Wednesday, October 14, 2020

A True American Hero

Columbus day is perhaps the most American holiday we have. The 4th of July and the Super Bowl are its only real competition, sharing with them an overblown sense of mythology and self-importance of American ingenuity, creativity, and heroic conquest we're so addicted to. While Columbus Day doesn't have the same religious fervor as the the other two, it makes up for this deficit by being a complete fucking lie. 

The two big things we're told about Columbus- that he discovered America and did so against a world insisting the Earth was flat- are as real as Santa Claus. The only thing Columbus "discovered" was the island of Hispaniola- modern day Haiti and the Dominican Republic - and the fact that the Earth was round was so widely known that it was the primary reason no one was willing to back his expedition. 

Every one he asked for money looked at his calculations, saw the he was vastly underestimating the size of the Earth, then sent his sorry ass packing. The only reason Spain backed his play was that they were fresh off the Reconquista and were in the mood to do something bold with their newly minted monarchy. 

So why are we told this fairy tale of a raping slaver who was wrong about everything? In a word, practice. 

By training us to accept this incompetently constructed fake history around one person, it makes it easier for us to accept the much more thoroughly fabricated stories about our own country's founding and subsequent expansion. If we can get used to dismissing Columbus' atrocities as just "how things where done back then," it's not much of a stretch to hand wave the fact that men celebrated for their commitment to freedom owned human beings like they were animals. 
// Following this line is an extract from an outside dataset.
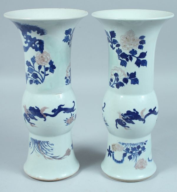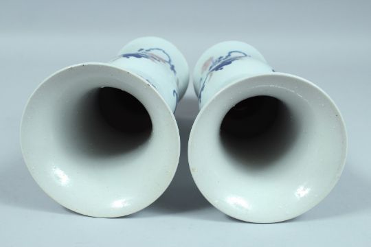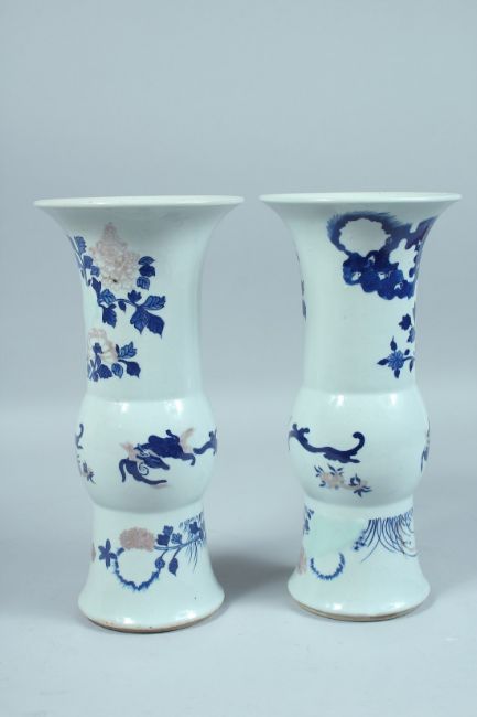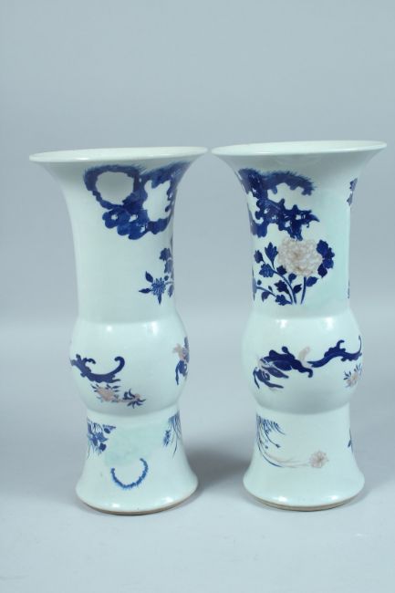 A PAIR OF CHINESE BLUE AND WHITE YEN-YEN VASES decorated with flowers and leaves.

This becomes so ingrained in us that even when confronted with facts like Columbus was stripped of his governorship over the accusations of brutality against the residents of Hispaniola, they're as empty as a twinkie. Likewise, if you point out that abolitionist groups existed in the the late 18th-century, that too spatters like bugs against a windshield. 
 
In this way we become desensitized to the pile of bodies our civilization was built on. "That's just how things were back then" we say, washing the past in uncomplicated guilt to rinse out the messy reality that there were voices of dissent then, too. By doing this we remove the element of choice, that Washington having a set of dentures made from sleeve teeth or Columbus handing out captured indigenous women as sex slaves to his men were all active choices they didn't have to make. 
 
And yet, they did. Because it was comfortable for them to do so. Because they were afforded power and privilege and those they crushed under heel were not. They had the power to treat those beneath as raw material to use up as they saw fit. So they did, simple as that. 
 
We turn all those used up, discarded people into victims not of men, but of History, an unfeeling, impartial, inevitable destroyer of worlds too inferior to survive the ever changing, tumultuous tide of its advancement. This is how the extermination or enslavement of entire peoples goes from a crime to just the cost of doing business.
 
There can't be any judgment of Columbus because to judge him is to judge ourselves. The only difference in our story as a country versus Columbus was that there was never any higher authority to drag the United States in chains to so it could answer for its actions. We have always had to only answer to our own national conscience and we are, if nothing else, an extremely forgiving people when it comes to ourselves.  
 
And so, we continue to celebrate a bumbling, vicious charlatan all the while wondering how everything could go so terribly wrong.